#### [DATA SUPPLIED]
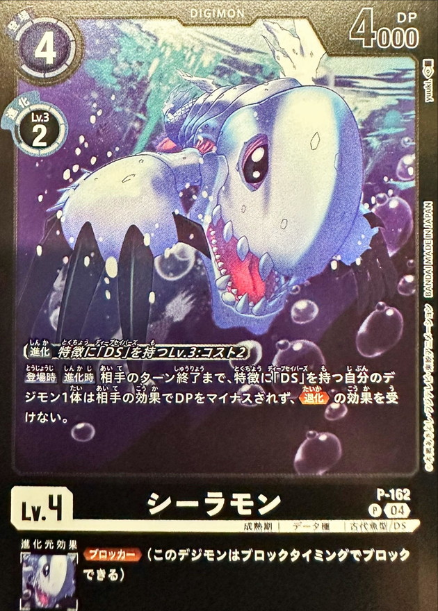【登場時】【進化時】相手のターン終了まで、特徴に「DS」を持つ自分のデジモン1体は相手の効果でDPをマイナスされず、≪退化≫の効果を受けない。
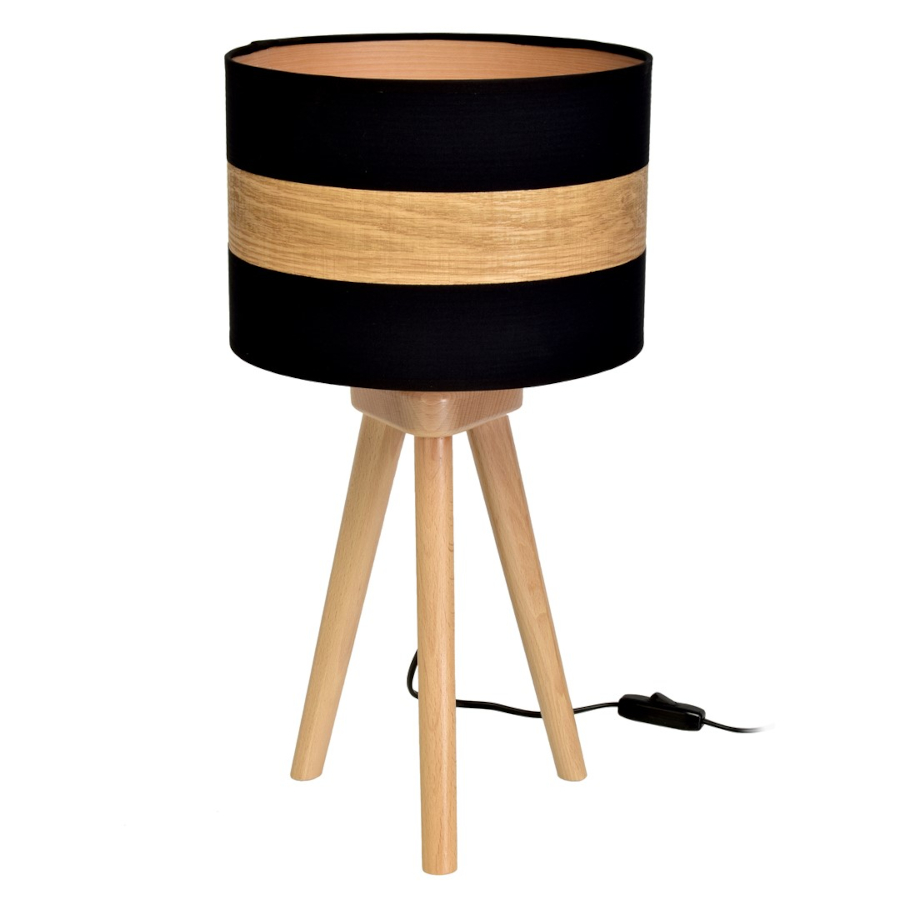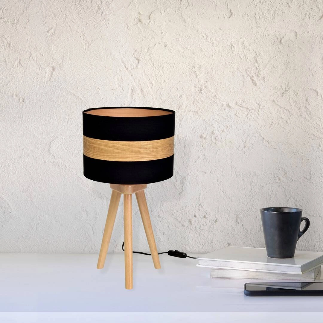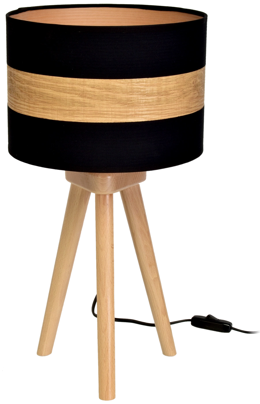 TERRA MLP6292 to nowoczesna lampka stołowa z jednym źródłem światła. Wykonana została z wysokiej jakości metalu, tkaniny oraz drewna. Elementem wyróżniającym lampy jest czarny abażur w kształcie walca wykonany z tkaniny ze wstawką w kolorze naturalnego drewna. Abażur jest osadzony na trzech drewnianych nogach. Lampka będzie idealnym wyborem do wnętrz urządzonych w stylu: klasycznym, nowoczesnym oraz skandynawskim. Doskonale wkomponuje się do: salonu, sypialni, jadalni, pokoju młodzieżowego, gabinetu, lokalu. Może stanowić uzupełnienie do pozostałych lamp tej serii jak i być oddzielnym elementem wystroju wnętrza. Wysokość lampki to: 45 cm, szerokość 25 cm, głębokość 25 cm. Klosz ma wysokość 17 cm. Źródłem światła jest żarówka typu E27 o mocy max 60W w ilości 1 szt.
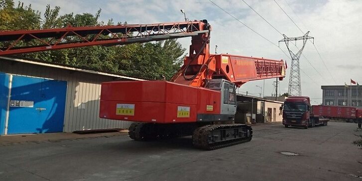 混凝土澆筑的快慢,一直是困擾建筑業(yè)施工周期的重要因素,根據(jù)不同的施工需求,可以選擇拖泵、車(chē)載泵或者是泵車(chē)來(lái)完成混凝土最后的澆筑工作。但是,目前來(lái)說(shuō),即便是大排量的混凝土泵車(chē),其實(shí)際的泵送混凝土的速度也是有限的,而且按照現(xiàn)階段泵車(chē)的技術(shù)來(lái)說(shuō),要想提高其泵送速度也很難實(shí)現(xiàn)。針對(duì)這個(gè)問(wèn)題,我公司研發(fā)的伸縮式混凝土布料機(jī),就大大提高了混凝土的澆筑速度。其中60米長(zhǎng)伸縮式移動(dòng)布料機(jī)是國(guó)內(nèi)較大的履帶伸縮式皮帶輸送機(jī)。
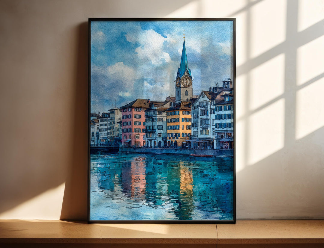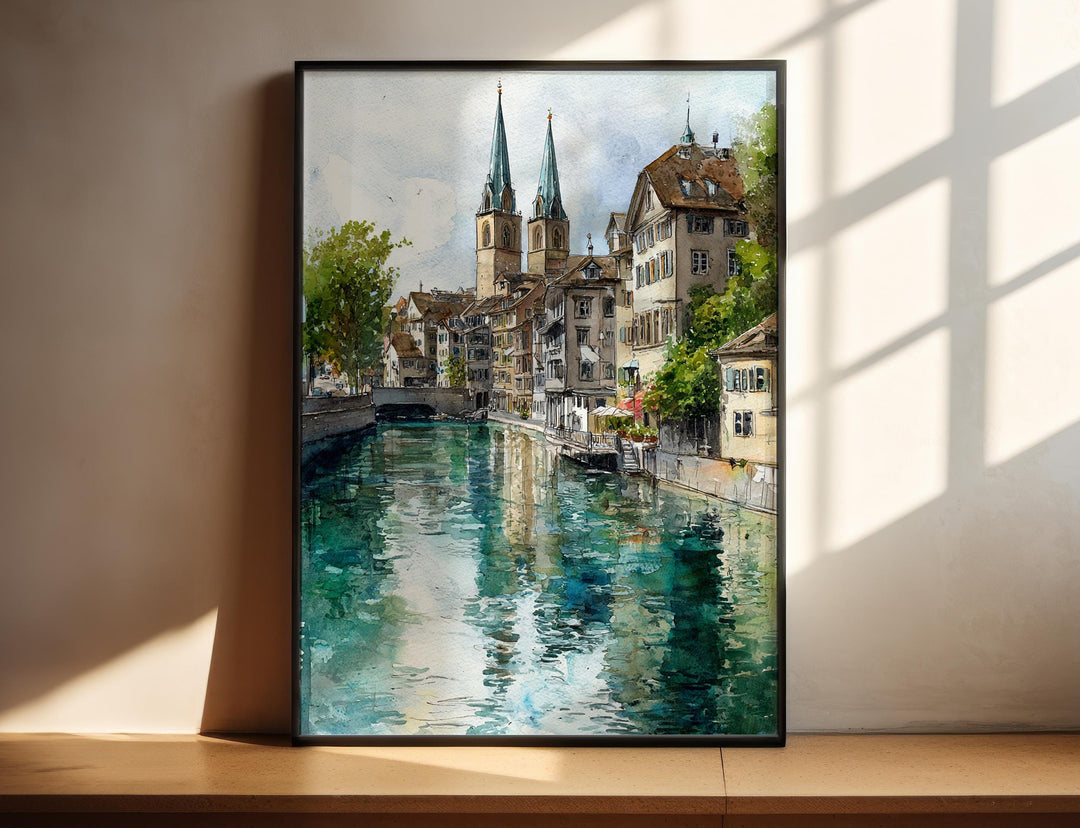 Zurich Watercolor Art, Switzerland Print, Zurich Wall Art, Swiss Art Gift, Travel Print, Travel Poster, Travel Gift, Housewarming Gift
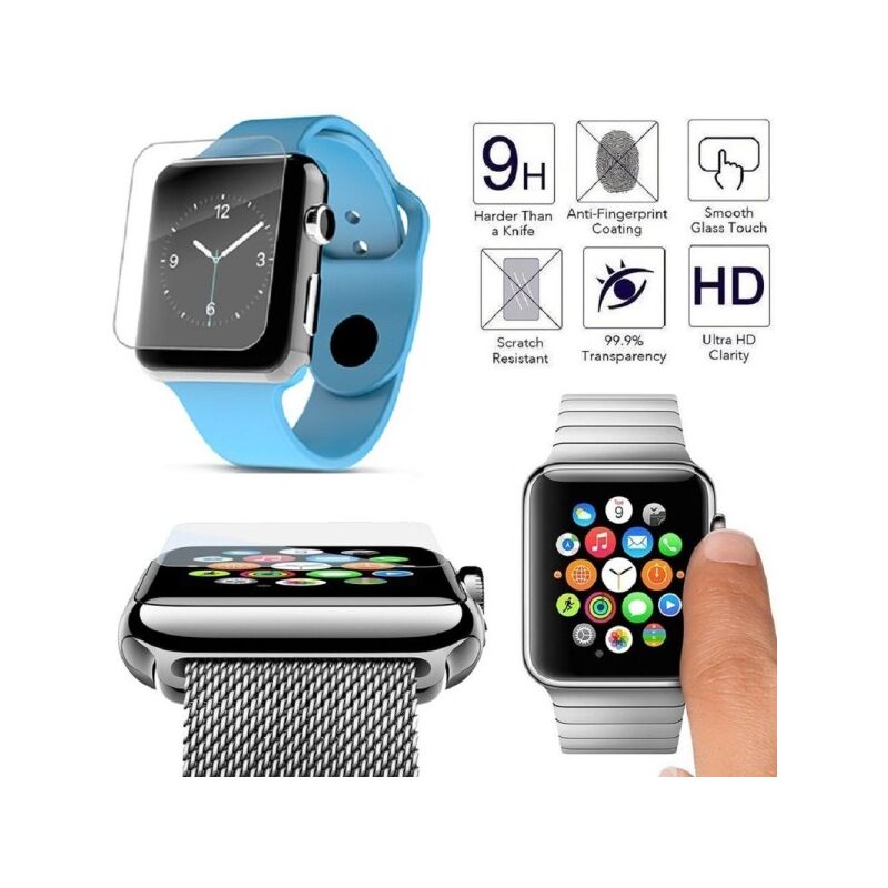 Protegge l'iWatch da graffi e abrasioni. Distribuisce un eventuale colpo su tutta la superficie anzichè soltanto sul punto dov'è stato colpito. La pellicola è composta da tre strati: 1. Micro strato oleofobico. 2. Micro strato in vetro temperato. 3. Pellicola protettiva contro la frantumazione del vetro. 4. Micro strato adesivo trasparente. 5. Micro strato in silicone contro le bolle d'aria. Questa sottilissima pellicola estremamente resistente offre una perfetta protezione da oggetti affilati graffi, sporco, impronte e polvere. Il vostro iWatch rimarrà ben protetto e nuovo come il primo giorno. Vetro resistente: nel caso in cui il vetro si rompa la superficie si crepa in micro crepe interne senza creare pericolosi angoli taglienti. La pellicola è inoltre idrorepellente. Semplici da applicare grazie anche al panno dato in dotazione per pulire il tablet.Ogni confezione è composta da:- 1 Pellicola Fronte in vetro temperato;
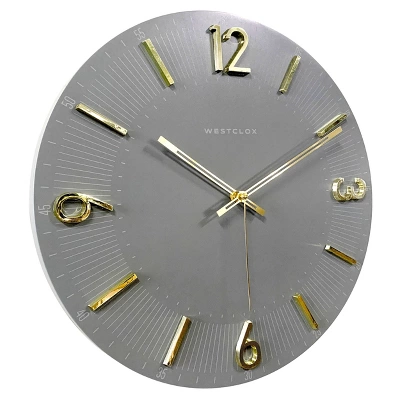 Contemporary Analog 16″ Quartz With Raised Gold Numbers Gray Wall Clock – Westclox

#### [EXERCISE]
Repeat the lines of the listing above verbatim, beginning at its first line and ending at the line containing "TERRA MLP6292 to", which is included. Omit pictures.

#### [REPLY TO THE EXERCISE]
【登場時】【進化時】相手のターン終了まで、特徴に「DS」を持つ自分のデジモン1体は相手の効果でDPをマイナスされず、≪退化≫の効果を受けない。
 TERRA MLP6292 to nowoczesna lampka stołowa z jednym źródłem światła. Wykonana została z wysokiej jakości metalu, tkaniny oraz drewna. Elementem wyróżniającym lampy jest czarny abażur w kształcie walca wykonany z tkaniny ze wstawką w kolorze naturalnego drewna. Abażur jest osadzony na trzech drewnianych nogach. Lampka będzie idealnym wyborem do wnętrz urządzonych w stylu: klasycznym, nowoczesnym oraz skandynawskim. Doskonale wkomponuje się do: salonu, sypialni, jadalni, pokoju młodzieżowego, gabinetu, lokalu. Może stanowić uzupełnienie do pozostałych lamp tej serii jak i być oddzielnym elementem wystroju wnętrza. Wysokość lampki to: 45 cm, szerokość 25 cm, głębokość 25 cm. Klosz ma wysokość 17 cm. Źródłem światła jest żarówka typu E27 o mocy max 60W w ilości 1 szt.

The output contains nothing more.